Она умолкла и взглянула на этюд.
— Три месяца я с утра до ночи глядела на море, но средства мои кончились. Надо вернуться домой… но ехать без морского вида не решаюсь. Вот почему я задумала у вас купить картину…
Мне стало жаль ее. Подумав, я решил подарить ей мой этюд.
— Я вам дарю картину. Берите ее.
Она запротестовала.
— Нет, нет. Даром я ее не возьму. Я не нищая…
Долго я ее убеждал, доказывая, что буду очень рад, если моя работа поможет ей выздороветь. Наконец она согласилась взять мой подарок. От неожиданного счастья она опять заплакала. Крупные слезы стекали по ее щекам, падали на кофту.
— Встреча с вами, — призналась она, — лишила меня покоя. Каждый вечер, ложась спать, я думала о вашей картине… Размышляла и очень сомневалась: а вдруг — вы мне откажете! В эти часы я все мечтала — скорее купить картину и уехать с ней домой.
Она в упор взглянула на меня.
— Как я рада и счастлива… — повторяла она.
— Ваше имя и фамилия? — спросил я.
— Анна Руднева.
Я сделал надпись на этюде и подал его ей.
Она схватила мою руку и стала трясти, а потом целовать.
Прерывающимся от волнения голосом она сказала:
— Благодарю! Всю жизнь помнить буду!
Опасаясь какой-нибудь банальной фразой ослабить впечатление от ее слов, сказанных с глубокой душевностью, я молчал.
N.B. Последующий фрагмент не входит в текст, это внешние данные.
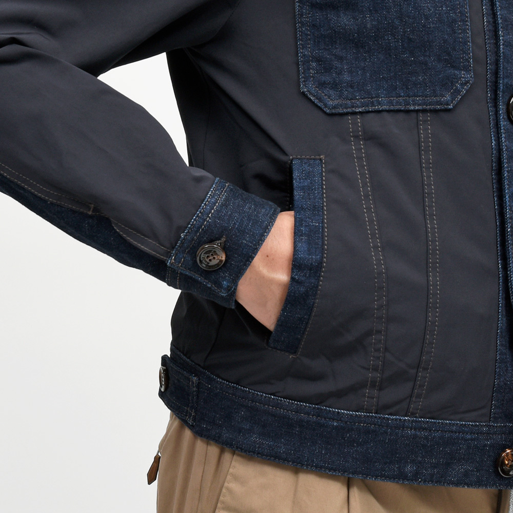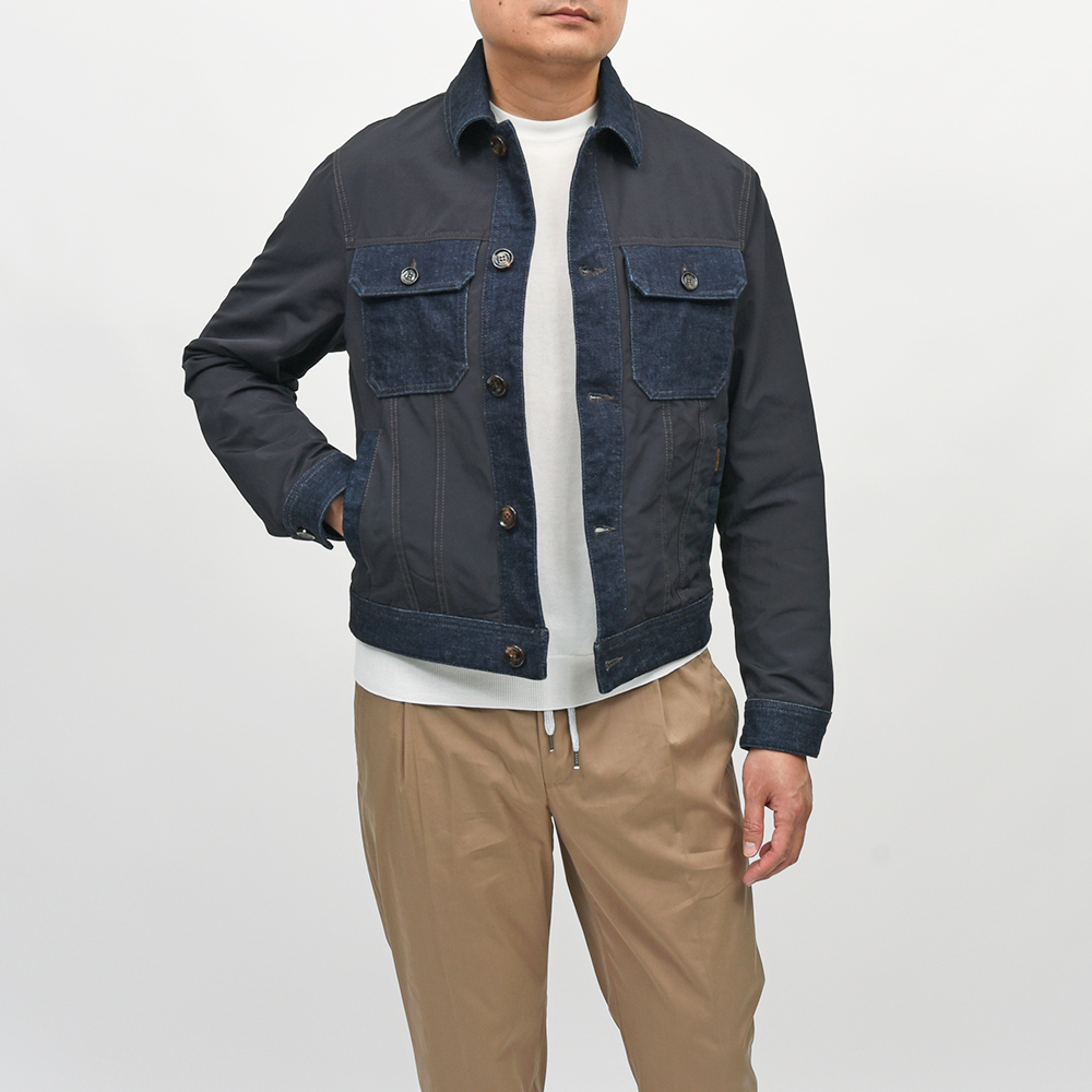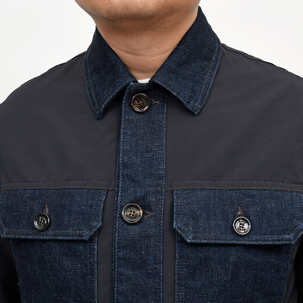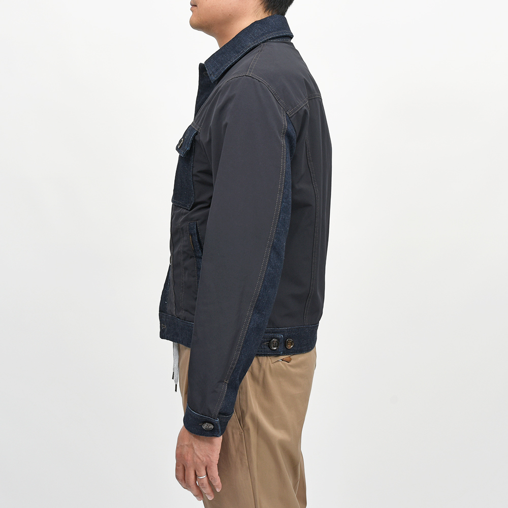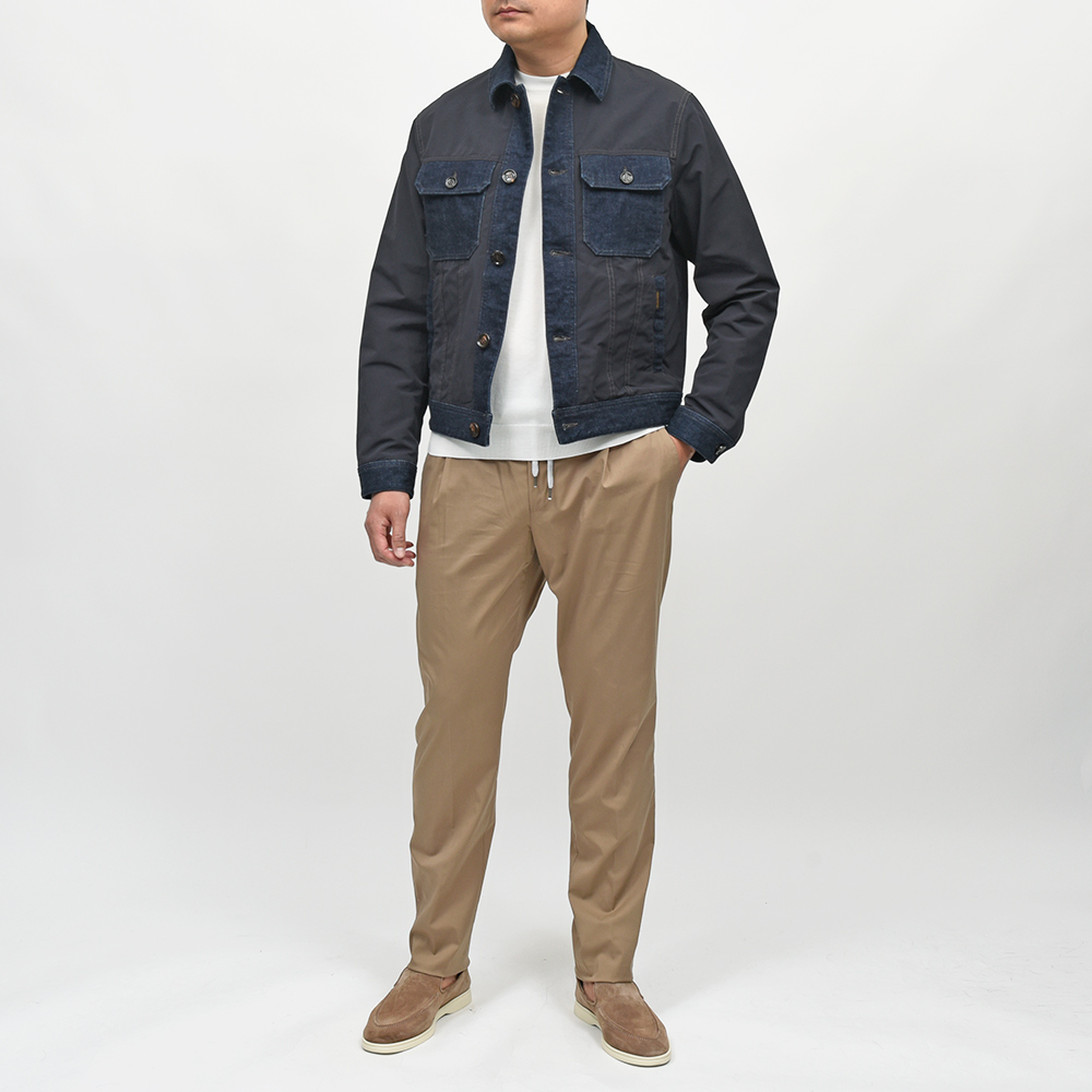 今シーズン新登場した、トラッカージャケットをベースとしたモデル“DANTAS(ダンタス)”。ベーシックな胸ポケットだけではなく、スラントポケットを加えることで実用性を増した着心地となっています。また、コットンポリエステルのオットマン生地をベースに、デニム生地を部分で使用したコンビ使い。酵素ウォッシュ加工を施すことで生地の風合いを高め、ソフトな着心地に仕上がっています。

С величайшей осторожностью она взяла этюд и медленно, не оглядываясь, ушла. Я поглядел на ее походку, в которой чувствовалось глубокое страдание. И примирение.
На следующий день, рано утром, я уже был с мольбертом и этюдником на берегу.
Я ее ждал. Мне хотелось ей сказать несколько теплых слов, ее утешить. Но она не пришла.
Больше я ее не видел.
Лавочник-философ
Художественные материалы я покупал в небольшой лавочке, находившейся неподалеку от школы на Преображенской. Над входом висела яркая вывеска, вызывавшая во мне образ солнечной Африки. Жену Шварцмана называли «тихой Рейзат». Это была рембрандтовская старуха с приподнятыми, узкими плечами и покорными, сияющими глазами. Она не любила длинных разговоров и умела в двух-трех умно сказанных словах выразить очень многое.
Мидлер, Менаше, Нюренберг
Детей у Шварцманов не было. Их заменили жившие на верхней полке пышные кремовые голуби и два сибирских кота.
Шварцман был философ, на жизнь и людей он смотрел сверху или сбоку. Он считал мир творением не Бога, а черта и его приятелей. «Бог, — говорил он, улыбаясь и щурясь, — давно в отставке. Он, как старый николаевский солдат, живет одними воспоминаниями о боевом прошлом». Два правила — «ничему не удивляться» и «беречь сердце и желудок» — руководили всем его бытом и жизнью.